Berdasarkan Perpres Nomor 55 Tahun 2022, kewenangan IPR saat ini didelegasikan kepada pemerintah daerah provinsi dengan pedoman yang diatur secara rinci dalam Kepmen ESDM Nomor 174 Tahun 2024. Berikut adalah panduan komprehensif mengenai alur prosedur dan syarat IPR:
1. Tahap Pengusulan dan Penetapan Wilayah Pertambangan Rakyat (WPR)
Proses IPR harus dimulai dari penetapan wilayah yang sah:
- Pengusulan: Pemerintah kabupaten atau kota terlebih dahulu menyampaikan usulan blok WPR kepada Gubernur.
- Penerusan ke Pusat: Gubernur kemudian meneruskan usulan WPR tersebut kepada Menteri ESDM untuk ditetapkan.
- Kriteria WPR: Tidak semua wilayah bisa menjadi WPR. Berdasarkan Pasal 22 UU Nomor 3 Tahun 2020, kriteria WPR mencakup: adanya cadangan mineral sekunder di sungai, kedalaman maksimal 100 meter, endapan tertentu, luas maksimal 100 hektar, dan harus sesuai dengan rencana tata ruang.
- Penetapan: Rencana ini membutuhkan koordinasi intensif antara Ditjen Minerba dan pemerintah daerah. Setelah ditentukan oleh Gubernur, Menteri ESDM yang berwenang menetapkan WPR tersebut.
2. Penyusunan Dokumen Pengelolaan WPR
Setelah WPR ditetapkan, dokumen pengelolaan harus disusun sebagai pedoman aktivitas penambangan:
- Pemerintah daerah provinsi menyampaikan usulan lokasi/blok beserta data dukungnya kepada Direktur Jenderal Minerba.
- Menteri ESDM, berkoordinasi intensif dengan Dinas ESDM Provinsi, menyusun dan menetapkan dokumen pengelolaan WPR.

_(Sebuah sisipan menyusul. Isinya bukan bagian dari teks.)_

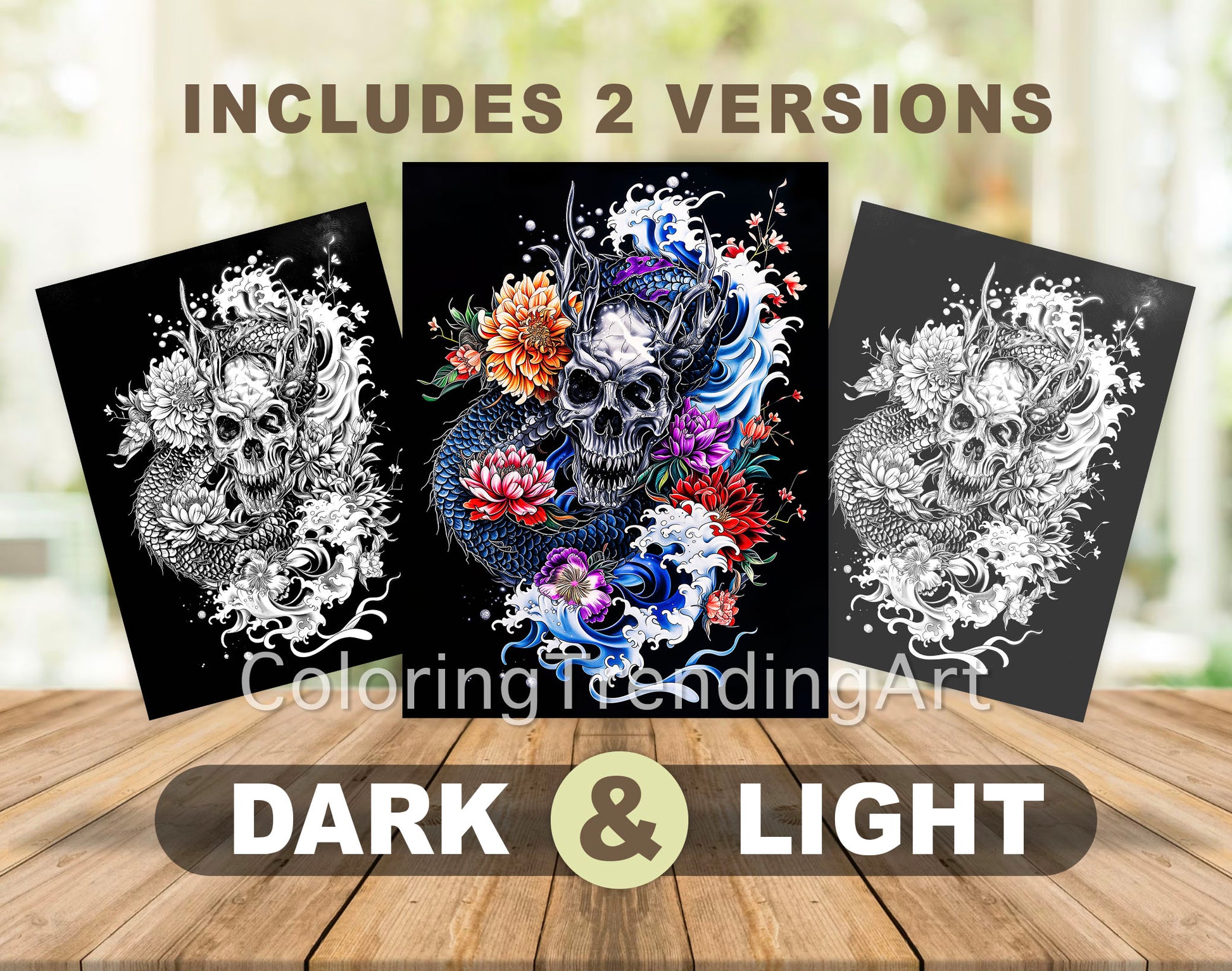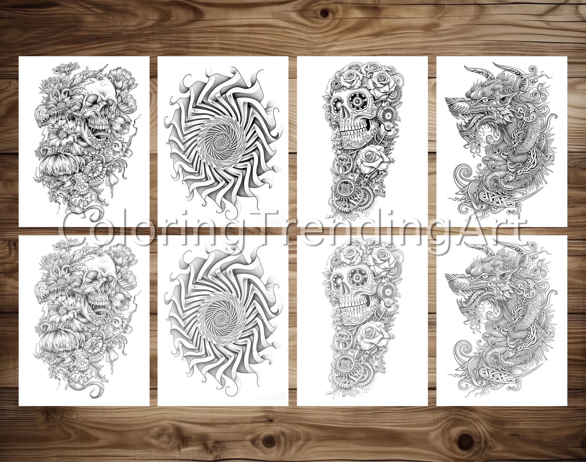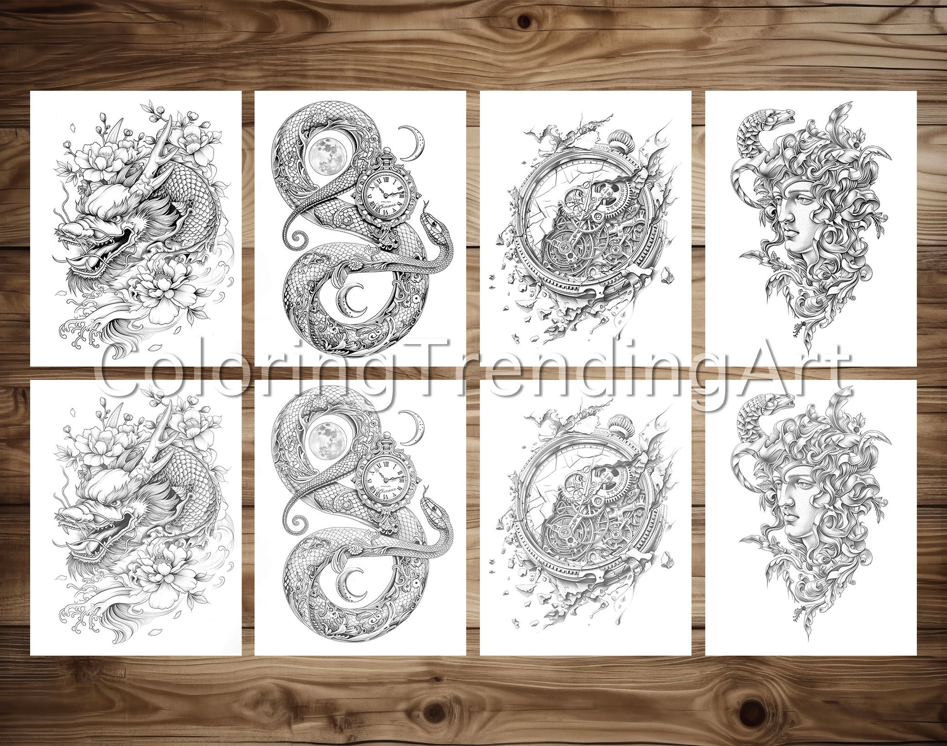 101 Tattoos Therapy 2 Grayscale Coloring Pages - Instant Download - Printable Dark/Light

- Pemerintah Provinsi menindaklanjuti dokumen tersebut dengan menyusun rencana reklamasi dan pasca-tambang pada setiap blok WPR, lalu mengumumkan blok WPR serta memberikan rekomendasi koordinat.
3. Syarat dan Tata Cara Pengajuan IPR
Pemohon yang ingin menambang di blok WPR yang telah diumumkan harus melalui serangkaian pemenuhan syarat dasar:
- Persyaratan Dasar: Pemohon wajib mengurus permohonan Kesesuaian Kegiatan Pemanfaatan Ruang (KKPR) dan persetujuan dokumen lingkungan.
- Rencana Penambangan: Pemohon juga diwajibkan menyusun rencana penambangan yang merujuk pada dokumen pengelolaan WPR yang telah disusun oleh Menteri.
- Pengajuan via OSS RBA: Pemohon mengajukan surat permohonan pendaftaran IPR beserta dokumen persyaratan dasar kepada Gubernur melalui sistem OSS RBA.
- Evaluasi dan Penerbitan SK: Pemerintah daerah provinsi akan mengevaluasi dan memverifikasi kelengkapan persyaratan. Jika memenuhi syarat, Gubernur akan menerbitkan SK IPR.
- Ketentuan Luas dan Masa Berlaku: Luas IPR maksimal yang dapat diberikan adalah 5 hektar untuk perseorangan dan 10 hektar untuk koperasi. Masa berlaku IPR adalah 10 tahun dan dapat diperpanjang dua kali, masing-masing selama 5 tahun.
- Pendaftaran MODI: Terakhir, pemohon wajib mendaftarkan SK IPR ke website MODI dengan didampingi oleh Dinas ESDM.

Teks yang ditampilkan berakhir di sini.